LIVE: C Duncan, Liverpool Sound City, 30.05.16:

If Sunday afternoon at Glastonbury is ‘The Legacy Slot’; Sunday afternoon at Sound City is ‘The Hangover Slot’. People are still dozy, seeking out coffee and bacon butties. Hangovers are nursed and the vibe is ‘gentle’.

C Duncan are Scottish indie kids, showing off their new trainers/blenders they bought in Liverpool yesterday. They seem pleasant enough; there is little Alex Turner-style mouthy twaddle to accompany the music. The set itself is a stroll through last year’s bucolic, Mercury nominated Postcard of an album, Architect.
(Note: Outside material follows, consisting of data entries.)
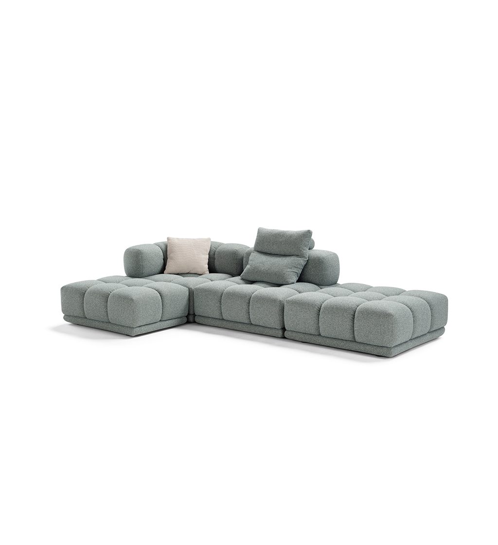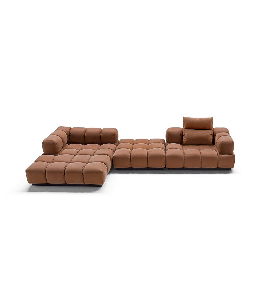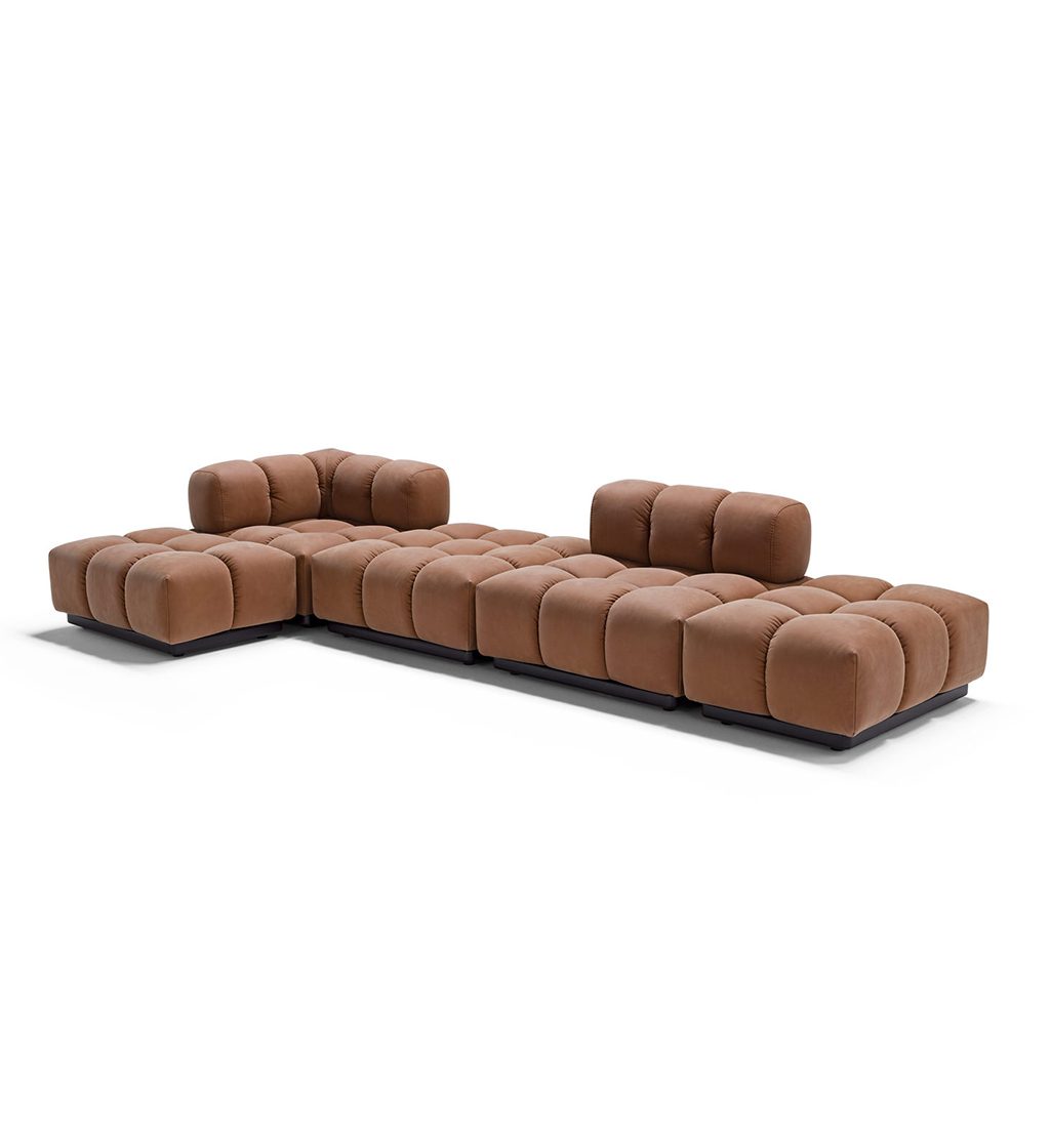 Designul explorează efectul de matlasare realizat cu măiestrie, dispus într-o succesiune ritmică regulată, care definește estetica flexibilă, dinamică și plină de vitalitate a canapelei. Un element puternic care evidențiază modularitatea tip șah a modelului Sacai, în toate multiplele sale configurații.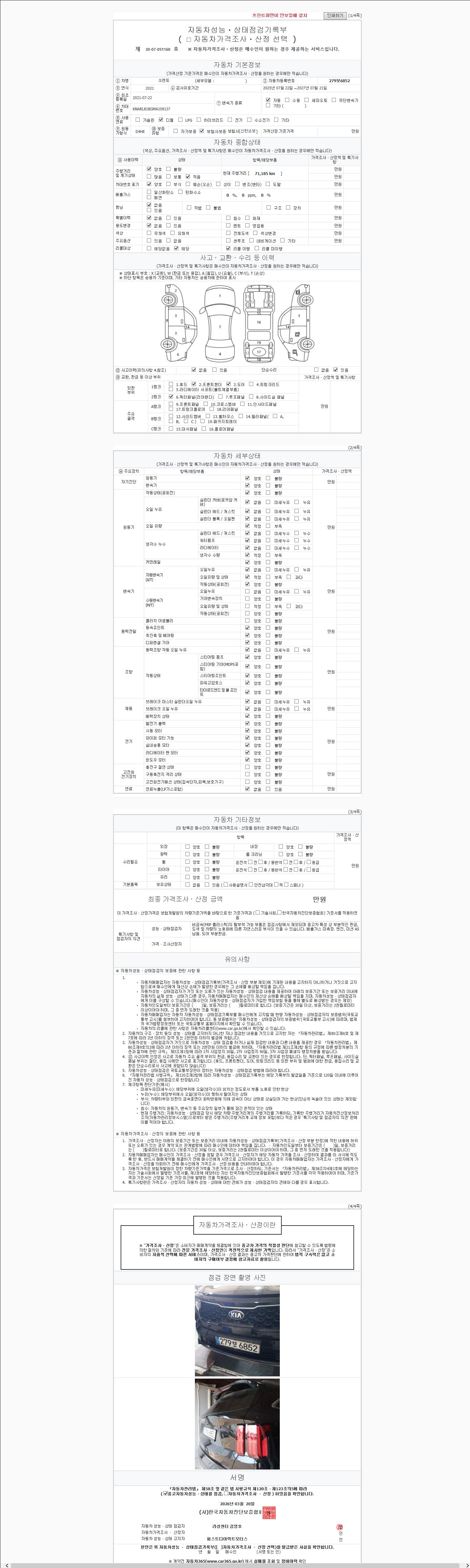 2. 차량 등록증이나 성능점검지 등을 상담자에게 요청및 확인하시고 사전에 미리 점검 하시기를 권유드립니다.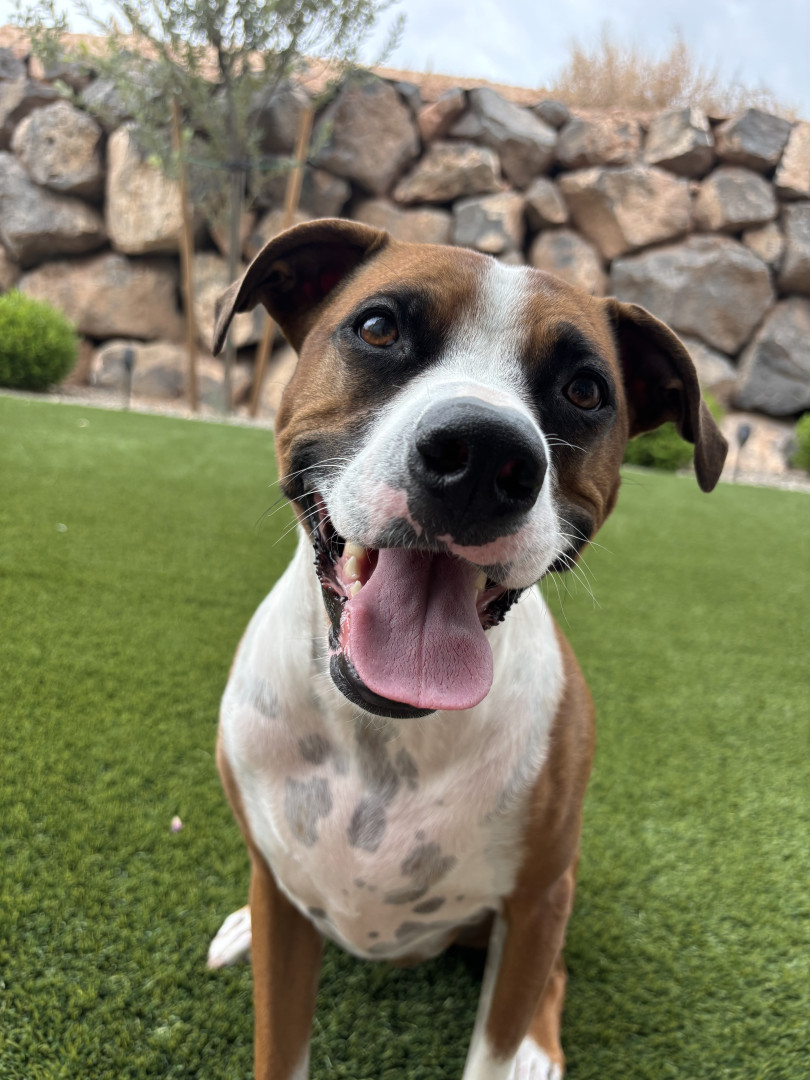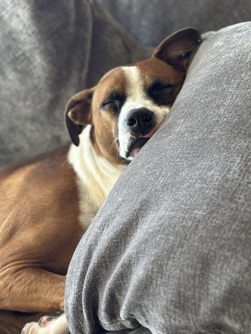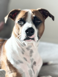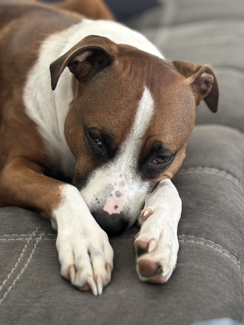 Mr Bojangles is the sweetest, most loving, laziest pittie mix you will ever meet. He might look tough but he is scared of everything.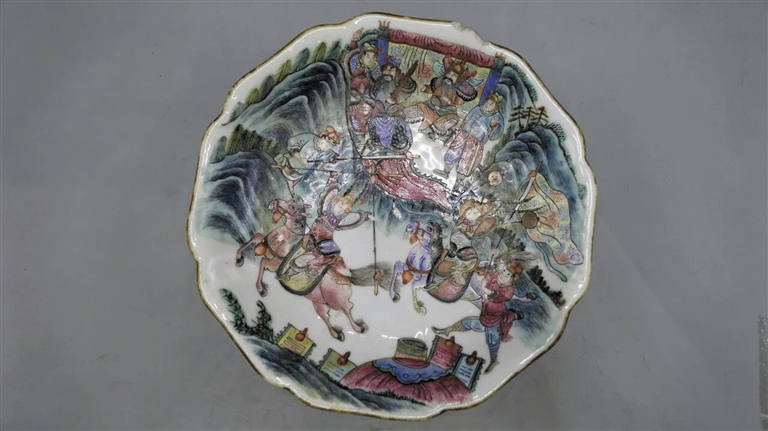 从汉代的力量之美,走到清代的精致生活,马文化也在工艺美术中绽放新彩。保定市博物馆收藏的清代同治粉彩戏剧人物故事花口盘,便是“以瓷绘马、以画传情”的典范之作,让马从战场畜力,变为艺术与生活中的诗意符号。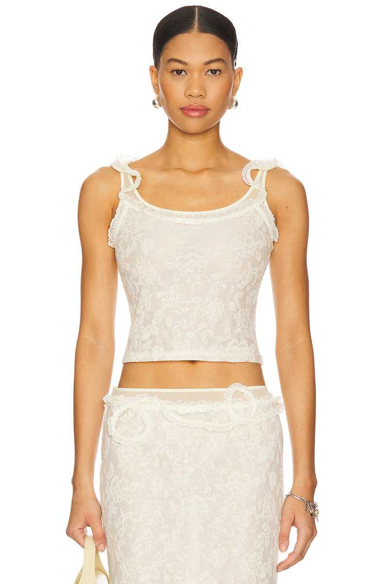 The Revolve Lace Layered Top in Beige is ideal for casual, evening.

It’s suitable enough for the slot, with harmonies and acoustic strumming. The problem itself is there is a paucity of genuinely great songs. One just sort of blends into another: like a kind of aural blancmange. It seems genuinely out of place in today’s ears, the kind of ‘lost in the woods’ ballads that Fleet Foxes/Bon Iver were doing in 2008. They are also hidebound by death-metal style shouting from across the bay. This is a common problem at Sound City. The second song is lost completely by pops and crackles from faulty guitar jacks. If you’re gonna play a big stage, bring your game.

Only ‘Garden’ strikes me as something genuinely beautiful and original and this is the last song. They leave the stage politely, having offered half an hour of aural balm that just wasn’t good enough. A hungover audience, standing on a wasteland deserved more.